Your answer should contain only the lines from the top of the data below down through the one with "Moose Christmas Ceramic", transcribed exactly and without pictures; please include nothing more.

■ **Supplied information**:
◇ ◇ ◇ ◇ ◇

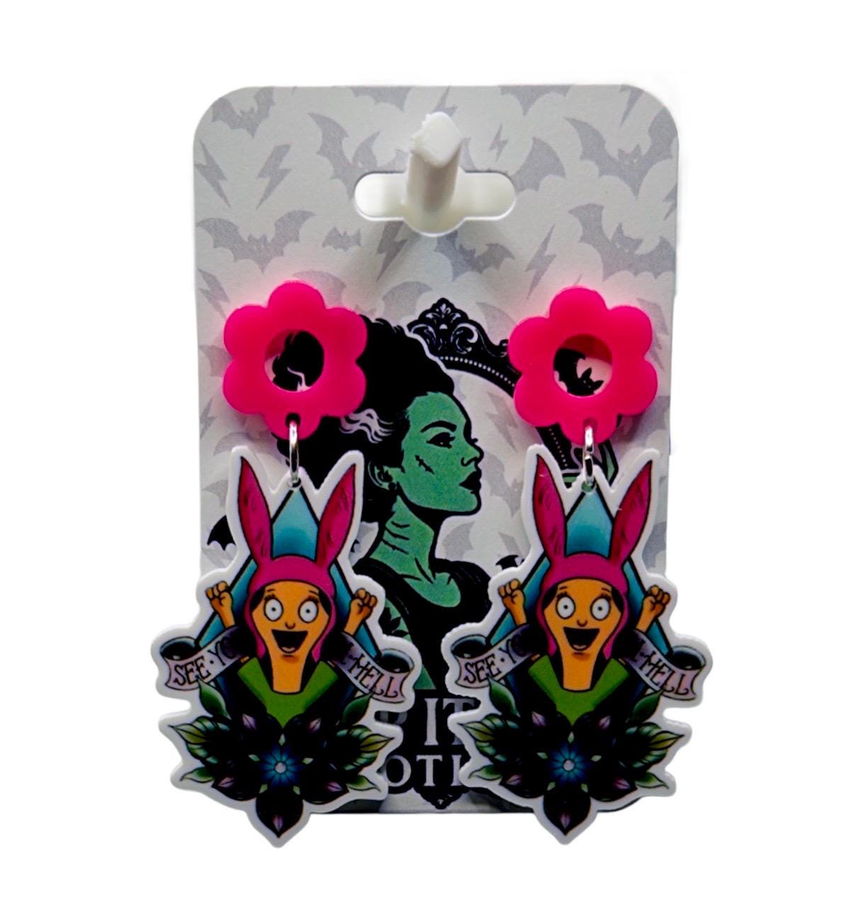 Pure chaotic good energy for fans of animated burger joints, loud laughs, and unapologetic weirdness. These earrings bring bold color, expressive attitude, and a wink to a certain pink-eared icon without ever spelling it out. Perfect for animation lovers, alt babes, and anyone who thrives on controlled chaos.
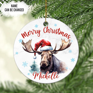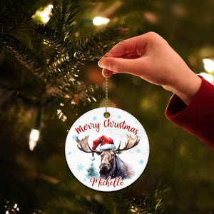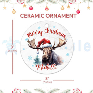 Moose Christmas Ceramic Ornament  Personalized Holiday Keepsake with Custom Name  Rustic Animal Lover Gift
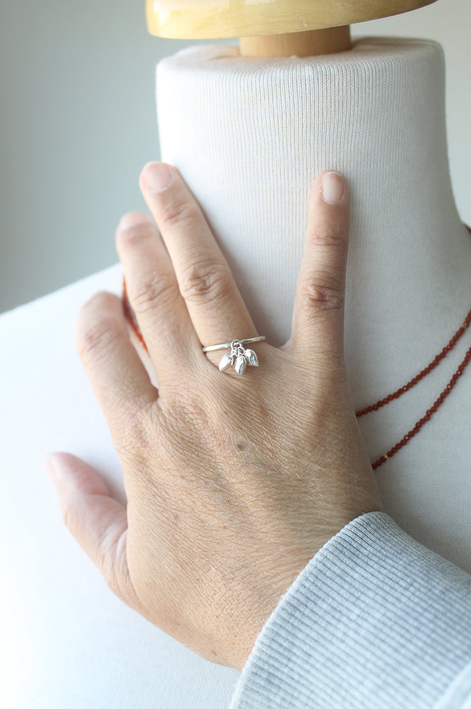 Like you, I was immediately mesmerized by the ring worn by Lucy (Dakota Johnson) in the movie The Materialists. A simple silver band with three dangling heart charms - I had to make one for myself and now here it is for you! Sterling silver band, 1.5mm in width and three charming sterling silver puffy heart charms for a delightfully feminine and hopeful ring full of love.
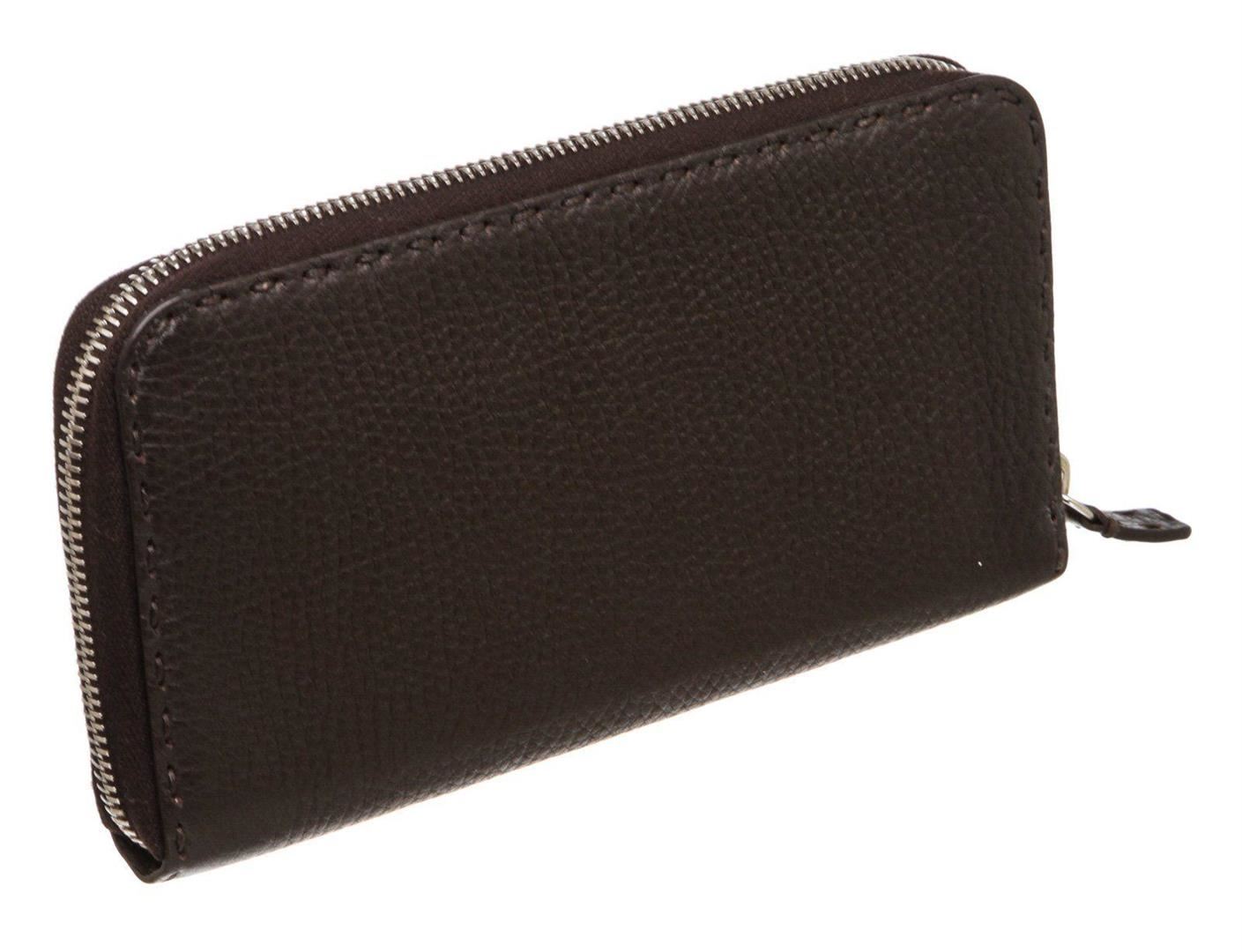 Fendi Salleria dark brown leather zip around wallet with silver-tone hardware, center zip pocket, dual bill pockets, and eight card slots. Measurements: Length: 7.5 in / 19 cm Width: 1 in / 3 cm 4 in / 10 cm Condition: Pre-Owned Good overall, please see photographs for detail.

◇ ◇ ◇ ◇ ◇

■ **Solved exercise**:
 Pure chaotic good energy for fans of animated burger joints, loud laughs, and unapologetic weirdness. These earrings bring bold color, expressive attitude, and a wink to a certain pink-eared icon without ever spelling it out. Perfect for animation lovers, alt babes, and anyone who thrives on controlled chaos.
 Moose Christmas Ceramic Ornament  Personalized Holiday Keepsake with Custom Name  Rustic Animal Lover Gift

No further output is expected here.